Emil Theodor Kocher (25. August 1841 – 27. Juli 1917) war ein Schweizer Chirurg aus Bern, bekannt für seine Kropfoperationen und Schilddrüsenforschung. 1883 entdeckte er die Ursache der Cachexia thyreopriva, erkannte die Bedeutung des Jods für die Schilddrüsenfunktion und erhielt 1909 als erster Mediziner den Nobelpreis für Physiologie oder Medizin. (Kurzdefinition nach www.wissen.de)
Herkunft und akademischer Werdegang in Bern
Theodor Kocher wurde als zweiter Sohn des Ingenieurs Jakob Alexander Kocher (1814-1893) und dessen Frau Maria geb. Wermuth (1820-1900) am 25. August 1841 in Bern geboren. Einige Kinderjahre verbrachte er in Burgdorf. Nach dem Besuch des Literargymnasiums immatrikulierte er sich 1858 an der Medizinischen Fakultät der Universität Bern und wurde Mitglied des Zofingervereins. 1865 doktorierte er «summa cum laude». Es folgten Studienaufenthalte in Zürich (1865), Berlin (1865-1867) sowie London und Paris (1867).
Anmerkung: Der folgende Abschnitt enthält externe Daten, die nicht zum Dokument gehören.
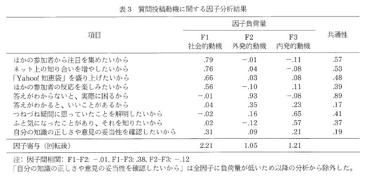 「社会的動機」「外発的動機」「内発的動機」の3タイプに分かれています。分散分析によって、属性との関連も検討されています(省略)。

Zurückgekehrt habilitierte er sich und wurde chirurgischer Assistent am Inselspital (1867). 1869 eröffnete er eine eigene Praxis und heiratete Marie (1850-1925), die einzige Tochter des Grosskaufmanns Johannes Witschi; aus der Ehe gingen drei Söhne hervor. 1872 wurde Kocher in Bern zum ordentlichen Professor für Chirurgie gewählt. 1880 schlug er einen Ruf an die Universität Prag aus, nutzte ihn aber, um den Neubau des aus dem 18. Jahrhundert stammenden Inselspitals voranzubringen (Einweihung der 1. Etappe 1884). Kochers Ruhm wuchs rasch: Er galt gleichermassen als Forscher und praktischer Chirurg wie als charismatischer Arzt und Dozent.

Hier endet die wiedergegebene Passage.